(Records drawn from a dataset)
⁂

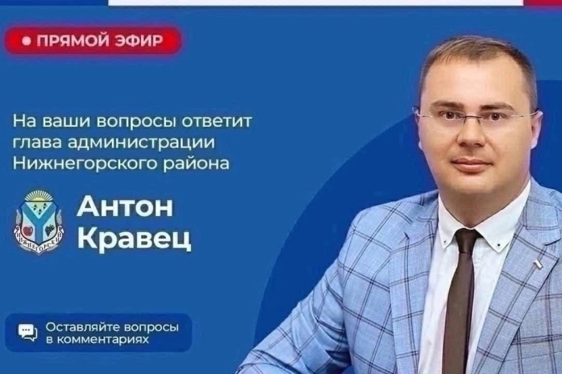Глава администрации района Антон Кравец проведет прямой эфир в социальной сети В Контакте 07 ноября в 14.00
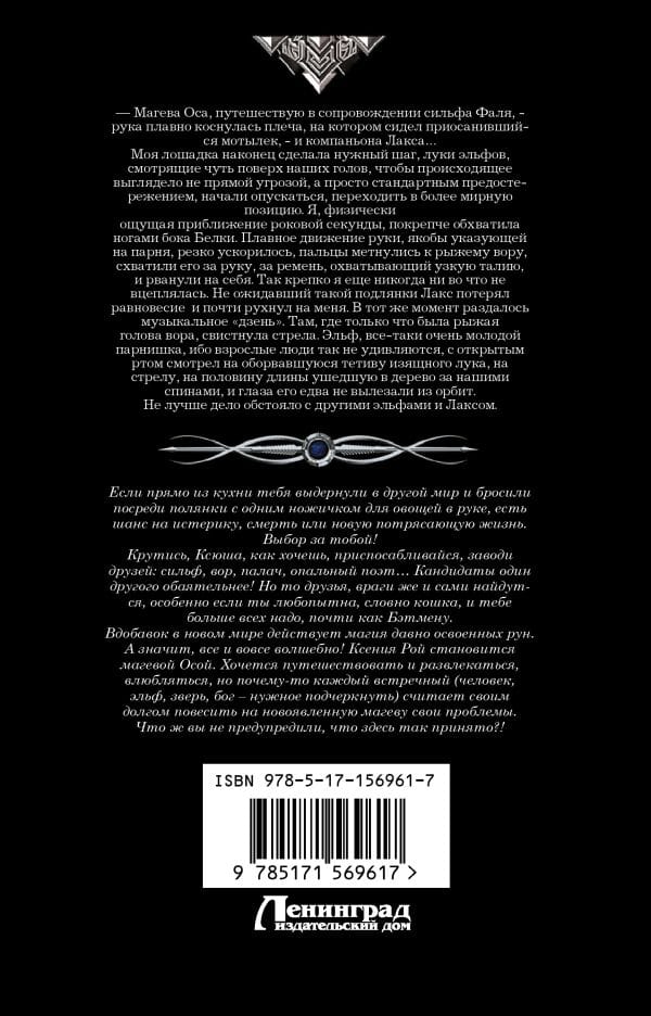 Ксения Рой становится магевой Осой. Хочется путешествовать и развлекаться, влюбляться, но почему-то каждый встречный (человек, эльф, зверь, бог – нужное подчеркнуть) считает своим долгом повесить на новоявленную магеву свои проблемы. Что ж вы не предупредили, что здесь так принято?!
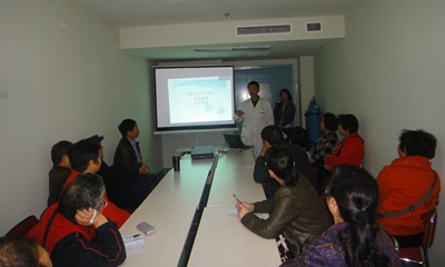 ? 为贯彻卫生系统创先争优及“三好一满意”活动、推进优质护理服务的进一步深入开展,结合我院团委“志愿者进病房”活动的要求,心内科于10月24日下午,举办了主题为“医患面对面,促进心健康——冠心病健康知识讲座”专题活动,由心内科董新教授担任本次主讲,共有三十多名患者及家属参加了这次学习。
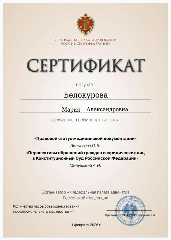 Хочу сказать спасибо адвокату Белокурову Мария Александровна. Мария прекрасный специалист. Очень грамотная и позитивная. На любые вопро... Читать далее
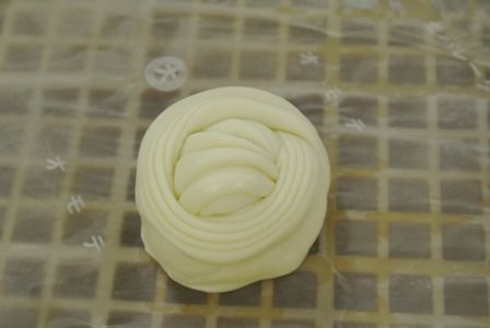 生地を伸ばしてクルッと巻くと、こんな形になります。(↓)
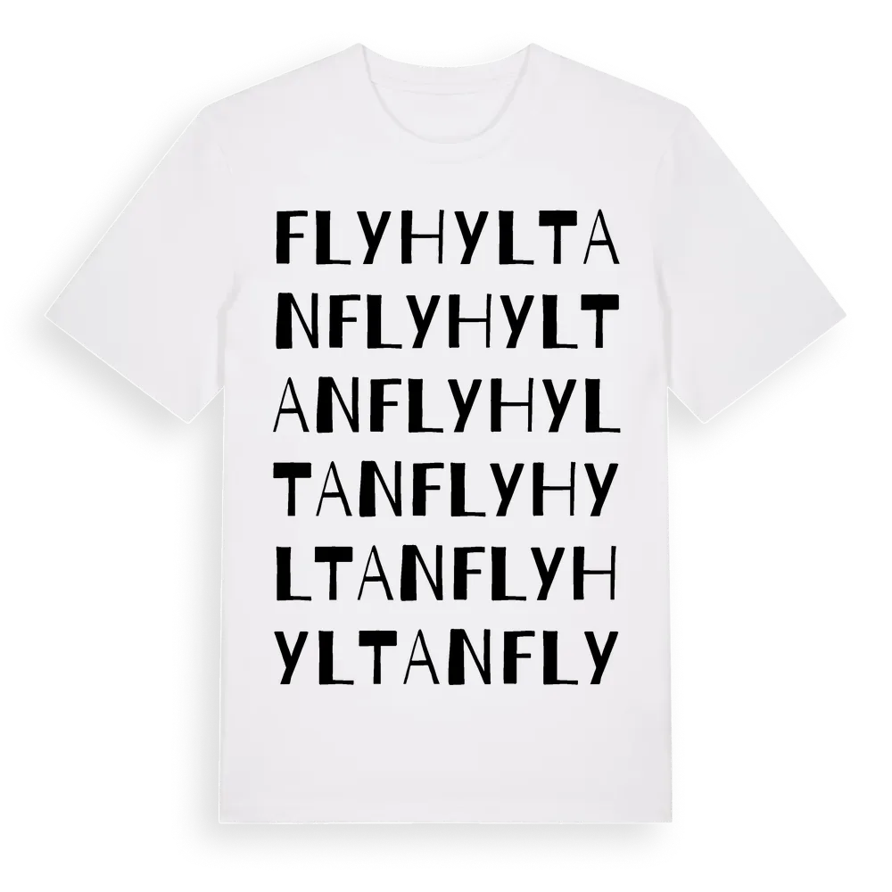 Flyhyltan ordlek t-shirt är inspirerad av Flyhyltan i Jönköpings län, Sverige. Tröjan är designad för dig som har en speciell koppling till platsen – oavsett om du bor här, har rötterna här eller bara älskar Flyhyltan.
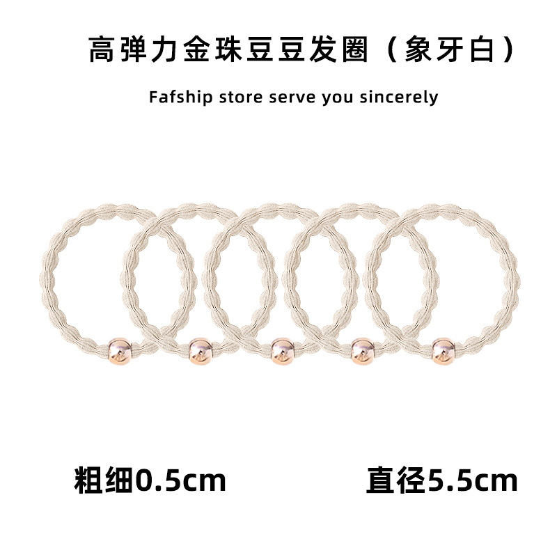 • [아이보리화이트] 황금구슬 비니 머리끈 (5개입)
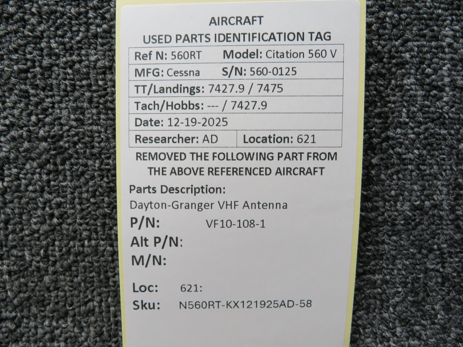 Unless specifically noted, most of our used airplane parts are sold in the condition they were removed, which means you should expect the usual signs of wear and tear.

⁂

Problem details:
Write out exactly the lines between the start of the data and the line with "비니 머리끈 (5개입)", including both, but none of the pictures.

Solution below:
Глава администрации района Антон Кравец проведет прямой эфир в социальной сети В Контакте 07 ноября в 14.00
 Ксения Рой становится магевой Осой. Хочется путешествовать и развлекаться, влюбляться, но почему-то каждый встречный (человек, эльф, зверь, бог – нужное подчеркнуть) считает своим долгом повесить на новоявленную магеву свои проблемы. Что ж вы не предупредили, что здесь так принято?!
 ? 为贯彻卫生系统创先争优及“三好一满意”活动、推进优质护理服务的进一步深入开展,结合我院团委“志愿者进病房”活动的要求,心内科于10月24日下午,举办了主题为“医患面对面,促进心健康——冠心病健康知识讲座”专题活动,由心内科董新教授担任本次主讲,共有三十多名患者及家属参加了这次学习。
 Хочу сказать спасибо адвокату Белокурову Мария Александровна. Мария прекрасный специалист. Очень грамотная и позитивная. На любые вопро... Читать далее
 生地を伸ばしてクルッと巻くと、こんな形になります。(↓)
 Flyhyltan ordlek t-shirt är inspirerad av Flyhyltan i Jönköpings län, Sverige. Tröjan är designad för dig som har en speciell koppling till platsen – oavsett om du bor här, har rötterna här eller bara älskar Flyhyltan.
 • [아이보리화이트] 황금구슬 비니 머리끈 (5개입)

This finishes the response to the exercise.